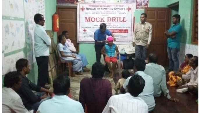
Mock drill conducted by A & N UT branch

New states and districts were added this year based on their risk profile and availability of funds, resulting in 18 states in total.
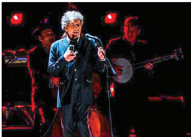
Singer Bob Dylan performs during a segment honoring Director Martin Scorsese, recipient of the Music+ Film Award, at the 17th Annual Critics' Choice Movie Awards in Los Angeles on 12 January, 2012.

Goal of the exercise — Only the text of the material belongs in your copy, which must match the original exactly.

Output —
Mock drill conducted by A & N UT branch

New states and districts were added this year based on their risk profile and availability of funds, resulting in 18 states in total.
Singer Bob Dylan performs during a segment honoring Director Martin Scorsese, recipient of the Music+ Film Award, at the 17th Annual Critics' Choice Movie Awards in Los Angeles on 12 January, 2012.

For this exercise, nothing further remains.